* Task to carry out
Copy the data that follows exactly as it is, excluding all pictures.
=== Section Start ===
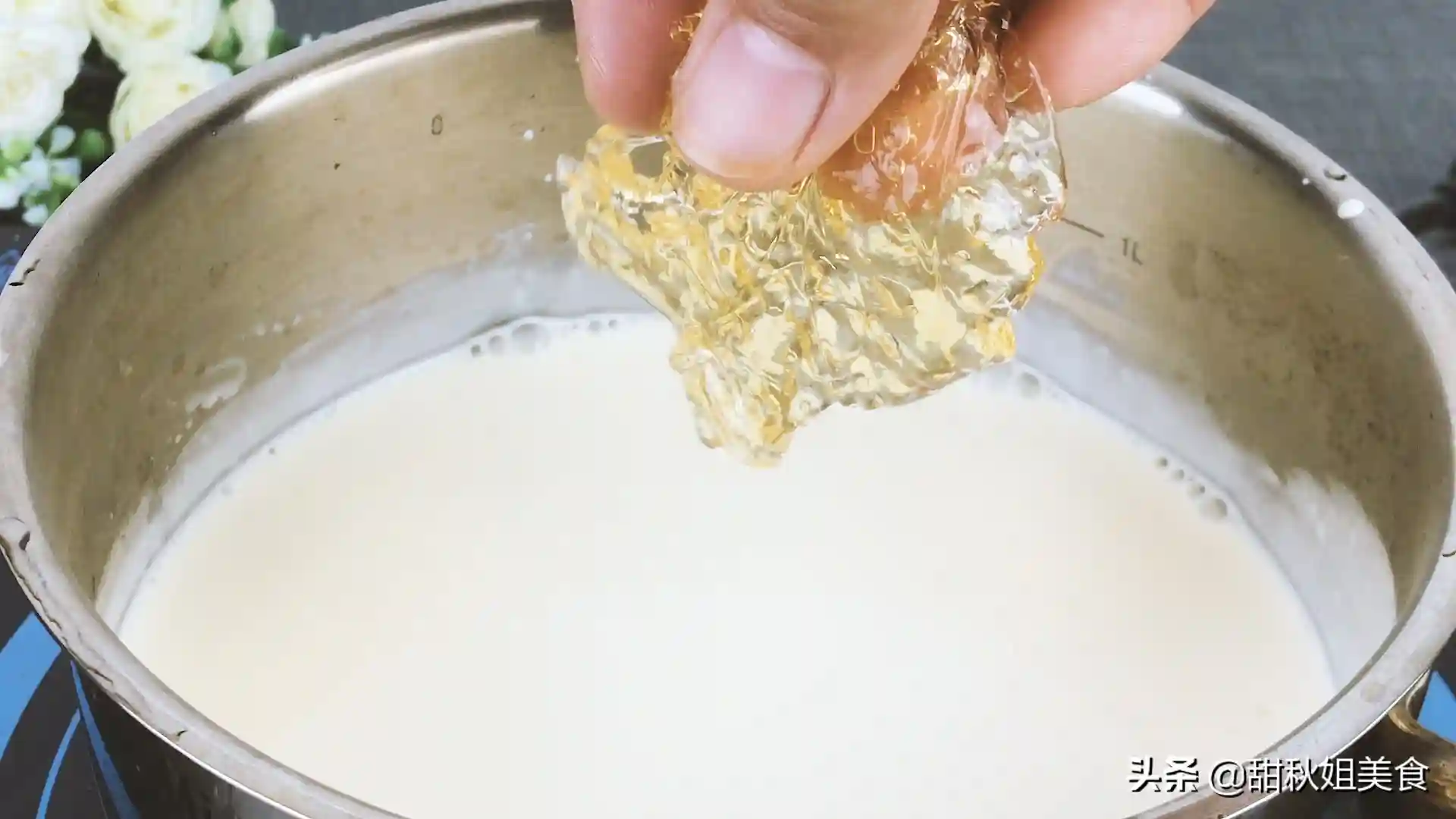 夏天,宁可不吃冰淇淋,也想尝一尝它,冰凉爽滑,解暑又解馋。首先我们在清水中放入一片吉利丁片,将其泡软备用。
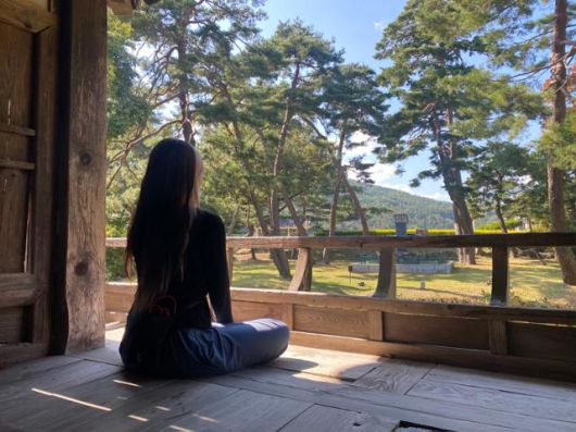 경북 예천군 청년마을 프로그램 '생텀마을'의 한 참가자가 조선시대 지어진 용문면 초간정의 그림 같은 풍경 앞에서 명상에 잠겨 있다. 생텀마을 제공
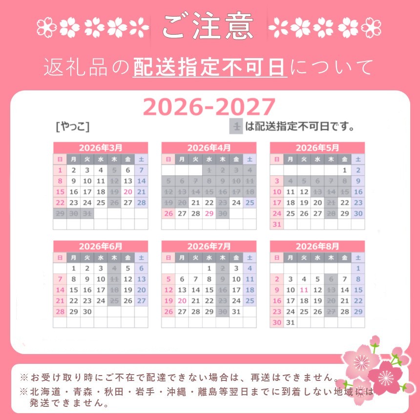 【発送に関してのお知らせ】 配送カレンダーをご確認の上、お申込みから2週間後以降の配達希望日時をご指定ください。 お申込みを多数いただいた場合など、ご希望に添えない場合はご連絡いたします。 ※お受け取り時に不在で配達できなかった場合、再発送できません。 ※北海道、青森県、秋田県、岩手県、沖縄県、離島など翌々日までに到着しない地域への配達はできません。 夏季:クール便にて発送 |
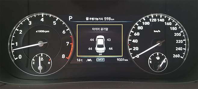 우리 팀에게 전달된 제네시스 G90의 권장 공기압은 35psi. 하지만 테스트카에는 44psi 수준의 공기압이 유지되고 있었다. 무려 9psi 가량 공기압이 높았던 것. 주행을 시작하면 내부 압력이 상승하는데, 우리 팀이 테스트한 G90은 주행 중 48psi 수준의 공기압을 보여주고 있었다.
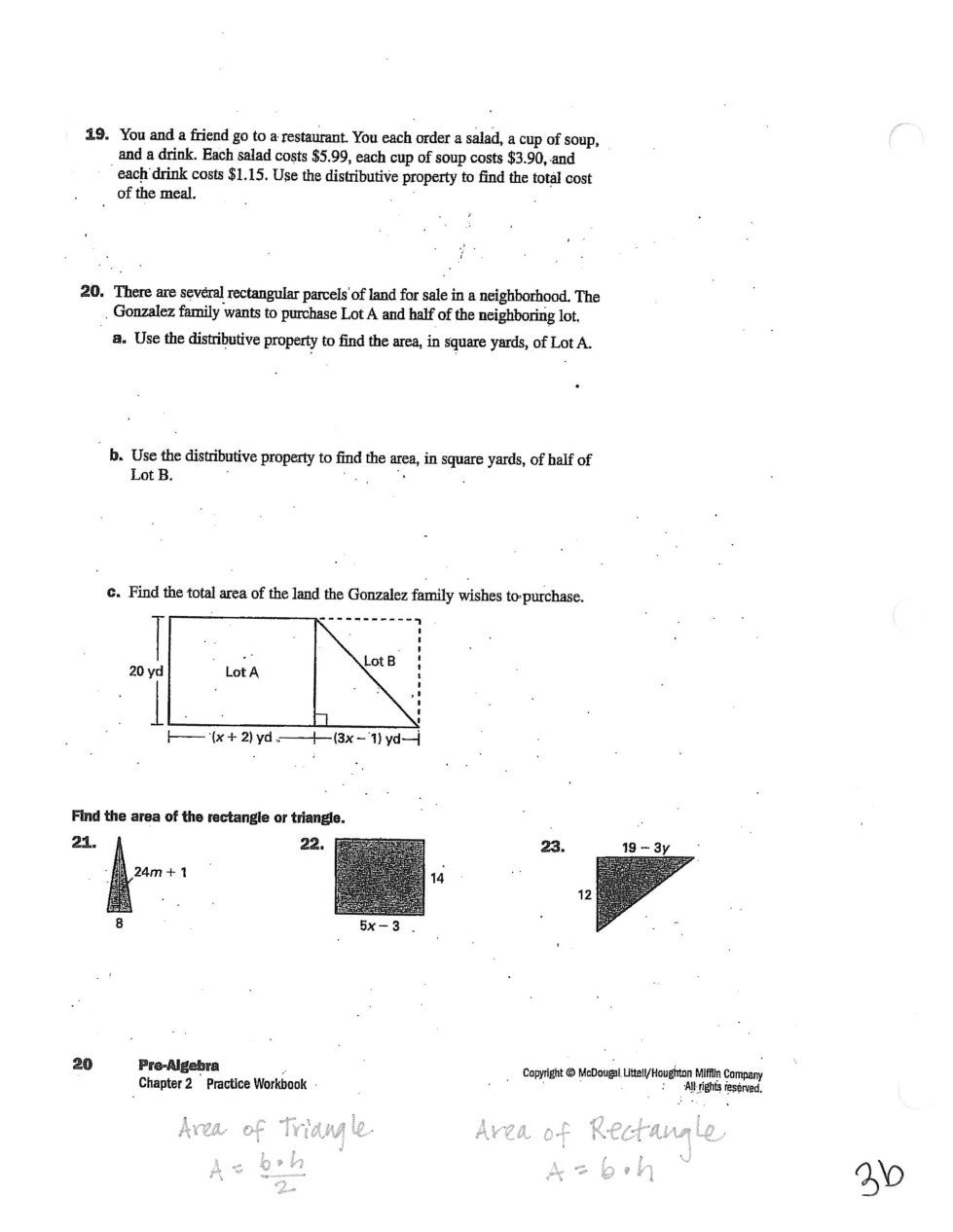 20b-- careful it is a triangle, do the distributive property, then divide your terms by 2
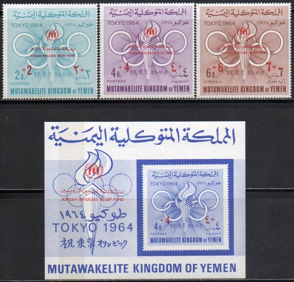 Летние Олимпийские Игры-1964, Токио. Красные Надпечатки. Серия 3 марки + Блок.
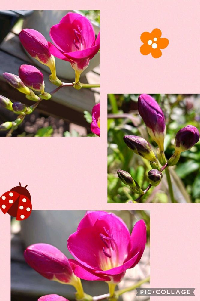 2枚目は、毎年横に倒れまくるフリージアがやっと咲きました(^-^)
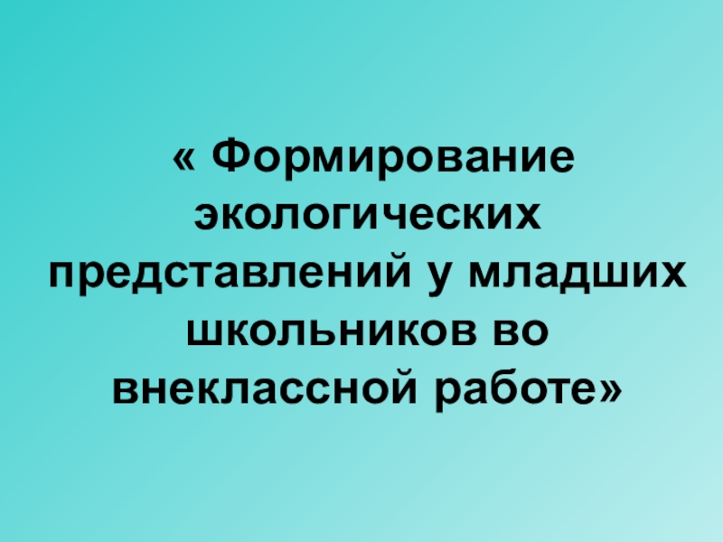 Слайд 1 « Формирование экологических представлений у младших школьников во внеклассной работе»
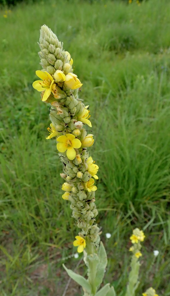 Mullein was featured in a previous post, prior to its bloom. That post focused on the utility of its velvety leaves (Nature’s Charmin). But, it also has interesting flowers, as shown in the photo to the left.
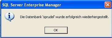 Mit einem Klick auf "Ok" wird die Datenbank wiederhergestellt.
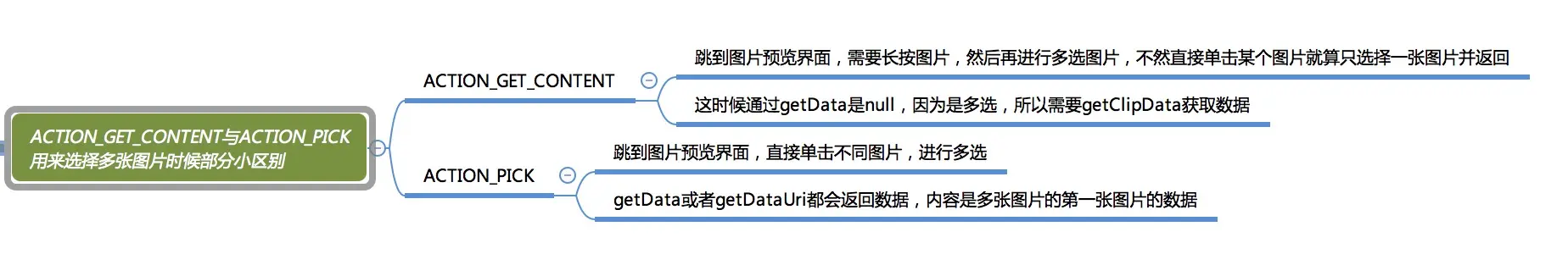 ps:最坑的是用ACTION_GET_CONTEN时候多选图片要长按操作,一直以为没成功,以为多选图片功能没实现,后来在 Android: Intent.EXTRA_ALLOW_MULTIPLE allows only single picking 上面找到别人的答案,说需要长按
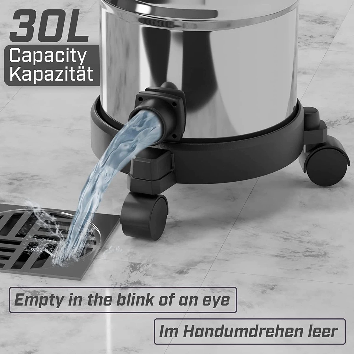 - Pratique : l’aspirateur multi-fonctions dispose d’un drain d’eau en partie basse, ce qui le rend très facile à vider. De plus, grâce aux roues à 360°, il est très mobile
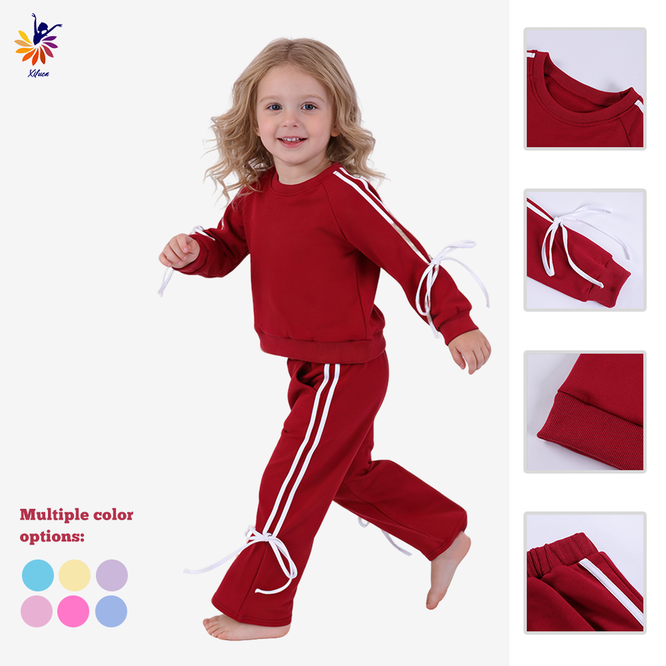Set Felpa con Cappuccio per Ragazze, Caldo per Autunno e Inverno, Design con Fiocco, Strisce Laterali, Maniche Lunghe, Pantaloni Larghi, Consegna Rapida, Outfit Casual per Bambini
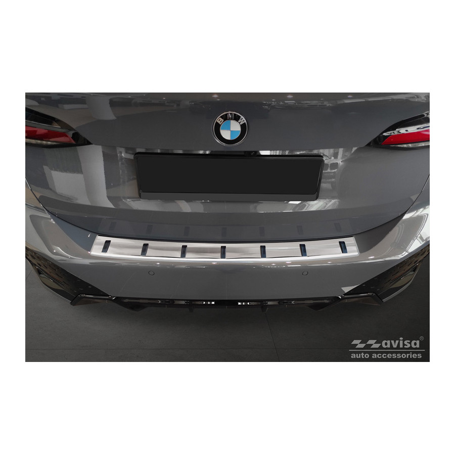 Stainless steel rear bumper protector suitable for BMW 2 Series (U06) Active Tourer (incl. M-Package) 2021- 'STRONG EDITION'. Provide optimal protection against daily wear and tear on the top of your rear bumper. This part of the car is very susceptible to damage from loading and unloading. Repair and respray costs are high, and the value of your car can decrease. With a rear bumper protector, you can prevent damage to the top of your rear bumper. These are custom-made for your car and conform to the bumper of your car, resulting in a perfect fit. Material: The Avisa 'STRONG EDITION' protectors are made of stainless steel combined with hardened polyurethane ribs, which not only provides protection but also gives your car a stylish look. The material is strong, durable, and resistant to all weather conditions. This ensures the molding will last for years. With over 30 years of experience, Avisa is a leader in the design and production of these moldings. They are available in various colors and styles. Installation: These moldings are very easy to install. They are attached using double-sided 3M tape, which will not damage the original paint. This is included in the package, along with complete schematic installation instructions. Installation takes approximately 10 minutes. For a selection of rear bumper protectors that are attached directly to unpainted bumpers, a primer is included. The primer enhances the strength of the 3M tape.
=== Section End ===
* Reply to the task
 夏天,宁可不吃冰淇淋,也想尝一尝它,冰凉爽滑,解暑又解馋。首先我们在清水中放入一片吉利丁片,将其泡软备用。
 경북 예천군 청년마을 프로그램 '생텀마을'의 한 참가자가 조선시대 지어진 용문면 초간정의 그림 같은 풍경 앞에서 명상에 잠겨 있다. 생텀마을 제공
 【発送に関してのお知らせ】 配送カレンダーをご確認の上、お申込みから2週間後以降の配達希望日時をご指定ください。 お申込みを多数いただいた場合など、ご希望に添えない場合はご連絡いたします。 ※お受け取り時に不在で配達できなかった場合、再発送できません。 ※北海道、青森県、秋田県、岩手県、沖縄県、離島など翌々日までに到着しない地域への配達はできません。 夏季:クール便にて発送 |
 우리 팀에게 전달된 제네시스 G90의 권장 공기압은 35psi. 하지만 테스트카에는 44psi 수준의 공기압이 유지되고 있었다. 무려 9psi 가량 공기압이 높았던 것. 주행을 시작하면 내부 압력이 상승하는데, 우리 팀이 테스트한 G90은 주행 중 48psi 수준의 공기압을 보여주고 있었다.
 20b-- careful it is a triangle, do the distributive property, then divide your terms by 2
 Летние Олимпийские Игры-1964, Токио. Красные Надпечатки. Серия 3 марки + Блок.
 2枚目は、毎年横に倒れまくるフリージアがやっと咲きました(^-^)
 Слайд 1 « Формирование экологических представлений у младших школьников во внеклассной работе»
 Mullein was featured in a previous post, prior to its bloom. That post focused on the utility of its velvety leaves (Nature’s Charmin). But, it also has interesting flowers, as shown in the photo to the left.
 Mit einem Klick auf "Ok" wird die Datenbank wiederhergestellt.
 ps:最坑的是用ACTION_GET_CONTEN时候多选图片要长按操作,一直以为没成功,以为多选图片功能没实现,后来在 Android: Intent.EXTRA_ALLOW_MULTIPLE allows only single picking 上面找到别人的答案,说需要长按
 - Pratique : l’aspirateur multi-fonctions dispose d’un drain d’eau en partie basse, ce qui le rend très facile à vider. De plus, grâce aux roues à 360°, il est très mobile
Set Felpa con Cappuccio per Ragazze, Caldo per Autunno e Inverno, Design con Fiocco, Strisce Laterali, Maniche Lunghe, Pantaloni Larghi, Consegna Rapida, Outfit Casual per Bambini
 Stainless steel rear bumper protector suitable for BMW 2 Series (U06) Active Tourer (incl. M-Package) 2021- 'STRONG EDITION'. Provide optimal protection against daily wear and tear on the top of your rear bumper. This part of the car is very susceptible to damage from loading and unloading. Repair and respray costs are high, and the value of your car can decrease. With a rear bumper protector, you can prevent damage to the top of your rear bumper. These are custom-made for your car and conform to the bumper of your car, resulting in a perfect fit. Material: The Avisa 'STRONG EDITION' protectors are made of stainless steel combined with hardened polyurethane ribs, which not only provides protection but also gives your car a stylish look. The material is strong, durable, and resistant to all weather conditions. This ensures the molding will last for years. With over 30 years of experience, Avisa is a leader in the design and production of these moldings. They are available in various colors and styles. Installation: These moldings are very easy to install. They are attached using double-sided 3M tape, which will not damage the original paint. This is included in the package, along with complete schematic installation instructions. Installation takes approximately 10 minutes. For a selection of rear bumper protectors that are attached directly to unpainted bumpers, a primer is included. The primer enhances the strength of the 3M tape.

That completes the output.